He has former golf standout Darcy Donaldson, who was on the last Mountain Lion regional champion in 2006, as an assistant. And like a good coach, he lets Donaldson do a lot of the instructing.
“But he is a great guy for our team,” Long said. He always puts us first and he is always there to get our spirits up if we have a bad round.”
“What he can’t help us with in golf he makes up for by being there for us,” Emmanuel Charmat said. “We rely on him being around for us and he is always there for us.”
Johnson has a star-studded resume as a basketball player.
He grew up in Cannelton Hollow and went to Cedar Grove in junior high and DuPont in high school.
He starred for Concord in the late 1970s, leading the Mountain Lions to a WVIAC tournament championship in 1979. They lost a three-game series to Wesleyan that kept them from the NAIA national tournament that season.
He started playing golf in college and ended up as a coach of a regional champion.
“I’m just happy for these kids,” Johnson said. “This is what they worked for. This is their time.
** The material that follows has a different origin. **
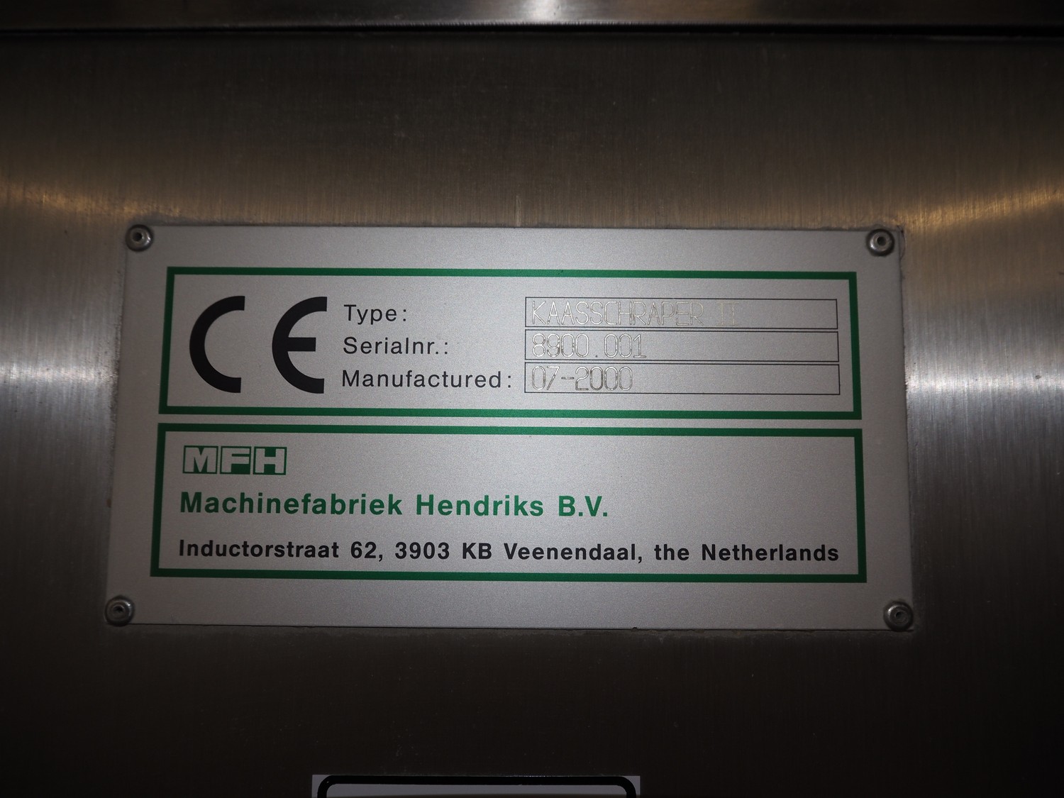 Machinefabriek Hendriks B.V. cheese scraper, type: KAASCHRAPER II, serial number: 8900.001, year of construction: 2000, clearance: 130 mm x 180 mm, total dimensions: 3400 mm x 1500 mm x 2280 mm.

They came out and worked hard and they have played really well. I’m proud of them.”
But not to proud to dispense a little hoops lesson of push comes to shove?
“Not their sport,” Johnson said, grinning. “I mean, it might get ugly.”
“We’d give him a shot, we like challenges,” said Charmat.
“I don’t play myself, but some of the guys do,” said Ryan Terdik. “We’d give him a go.”
At least one player said he wants no part of the coach. On the court.
“I don’t think so,” freshman Johan Isberg said. “He is twice my size.”
On the course, well that’s a different story.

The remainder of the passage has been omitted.